Es pleno verano en Kansas City. Los chicos están de vacaciones escolares en pleno agosto. El parque acuático Schlitterbahn Waterpark Kansas City vibra con los chillidos de la multitud y el rumor omnipresente del agua corriendo por sus atracciones. Se huele el cloro antes de entrar y a cada paso el concreto quema bajo los pies descalzos. Es domingo, siete de agosto de 2016. Para la familia Schwab, hay promesas de risas, deslizamientos y esa libertad de los veranos. “Nunca pensamos que ese día no tendría regreso. Lo que debía ser una jornada de felicidad, terminó en algo que ninguna familia debería experimentar jamás”, recuerda más tarde, con la voz quebrada, Scott Schwab, el padre de Caleb.
En apenas horas, el parque se vuelve otro. Un niño de diez años, hijo del legislador Scott Schwab, muere en la atracción acuática más alta y veloz del mundo. Ya no habrá bullicio, ni carreras, ni filas.
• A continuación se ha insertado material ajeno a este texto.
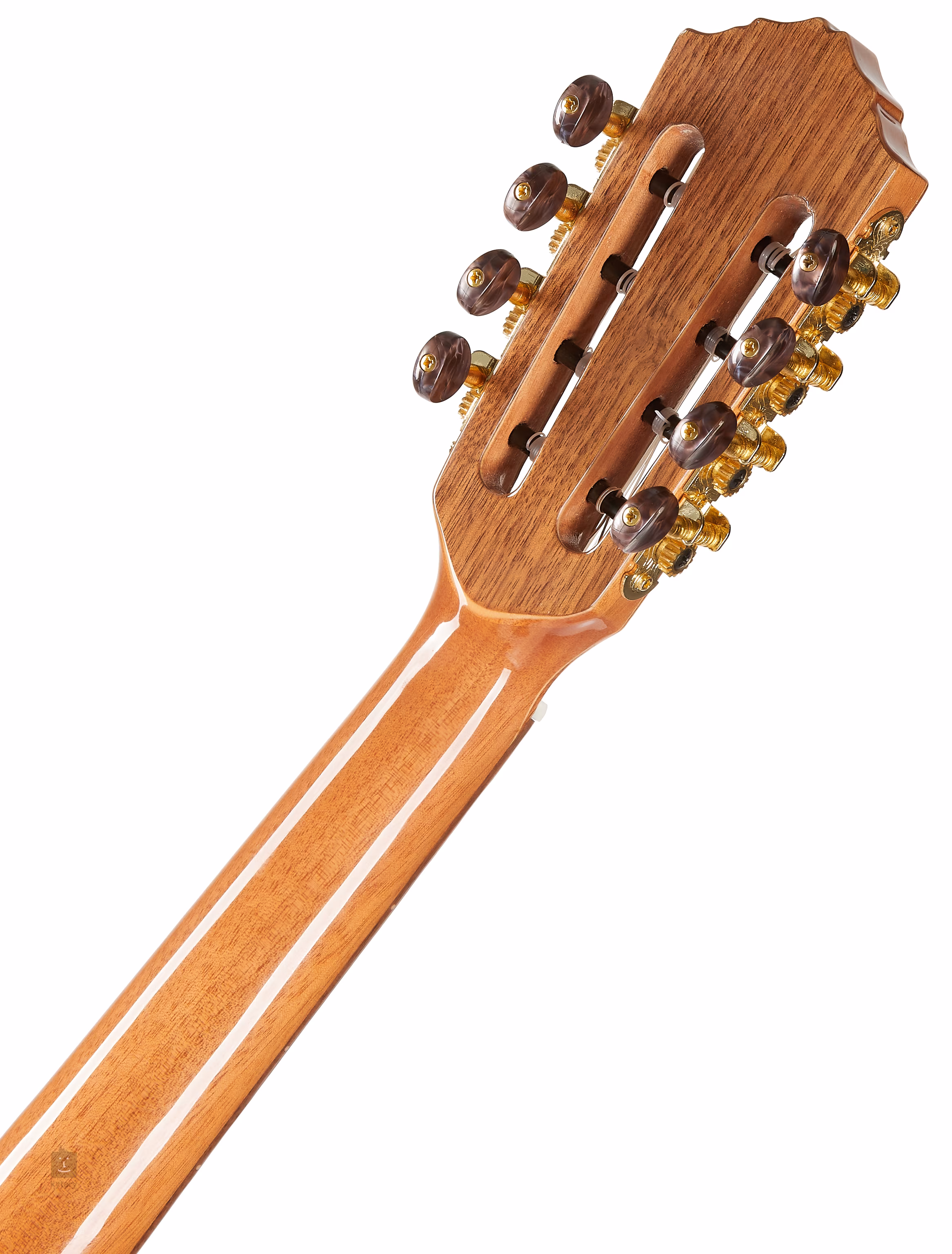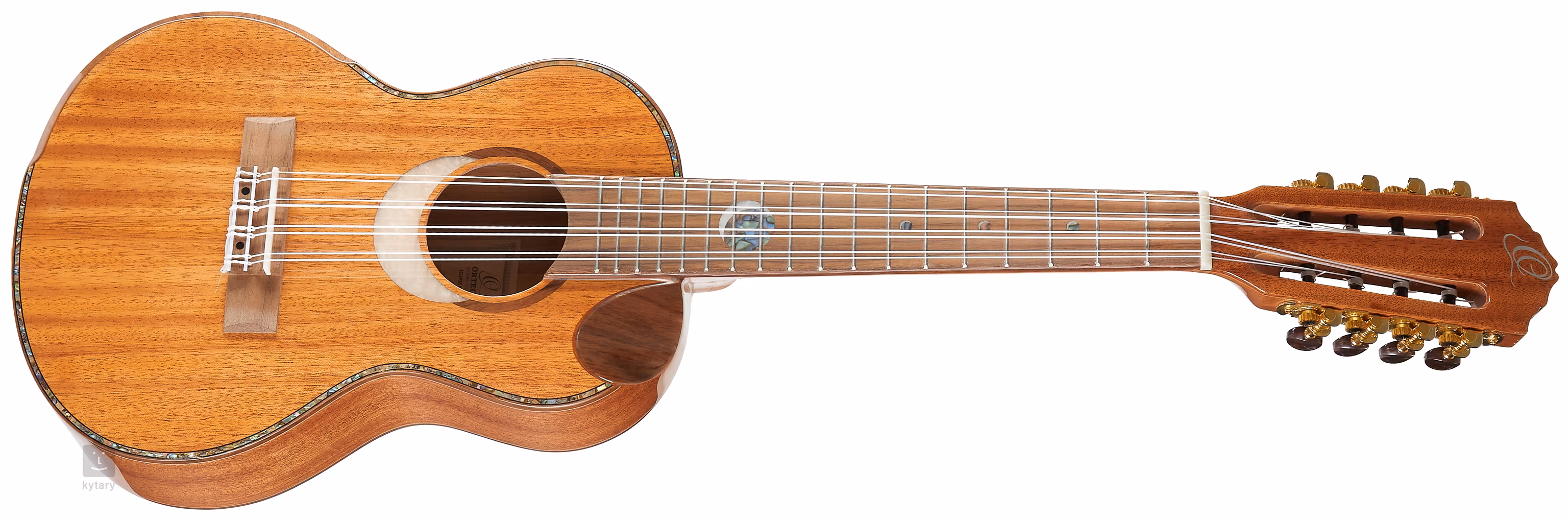 Korpus tego niekonwencjonalnego ośmiostrunowego ukulele tenorowego wykonany jest z litego mahoniu z błyszczącym lakierem. Fazowany podłokietnik i ergonomiczne wycięcie w dolnej części korpusu zapewniają obu dłoniom większy komfort gry. Szyjka okoumé jest wyposażona w osiemnastostopniową podstrunnicę z orzecha włoskiego. Struny są przymocowane za pomocą siodełka i kostnego progu zerowego w orzechowej podstrunnicy oraz klasycznych otwartych tunerów w złotym wykończeniu. Luksusowy design i odważną koncepcję instrumentu podkreślają dwa otwory dźwiękowe, perłowe znaczniki pozycji z motywami zaćmienia, orzechowy korpus i podstrunnica oraz perłowy pickguard.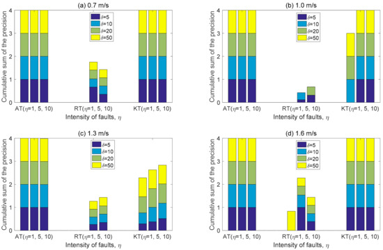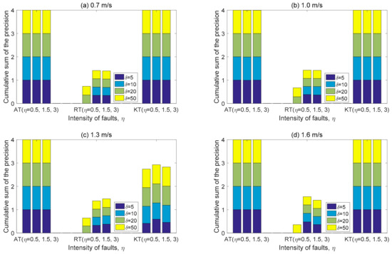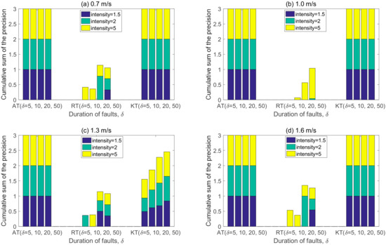 Precision according to each intensity as a function of constant fault duration: (a) Cumulative sum of the precision at 0.7 m/s of Jackal UGV; (b) Cumulative sum of the precision at 1.0 m/s; (c) Cumulative sum of the precision at 1.3 m/s; (d) Cumulative sum of the precision at 1.6 m/s.

La apuesta gigantesca de Kansas City
Quienes lo miraban desde la lejanía pensaban que este tobogán era un truco imposible. Con 51 metros de altura, el equivalente a un edificio de 17 pisos, y una pendiente que sobrepasaba los 60 grados, el tobogán nacía de las obsesiones de un hombre: Jeff Henry, el magnate y visionario detrás de la cadena Schlitterbahn.
La promesa de Henry, un tejano de voz grave y temperamento intempestivo, era revolucionar la industria de los parques acuáticos. Verrückt (loco en alemán) debía ser una especie de Everest artificial. No importaban las advertencias de algunos ingenieros. Jeff cruzó los planos y las ideas por encima del manual. “Seremos los primeros. Nadie podrá mirar esta estructura y no querer probarla”, repitió durante las interminables sesiones de planificación.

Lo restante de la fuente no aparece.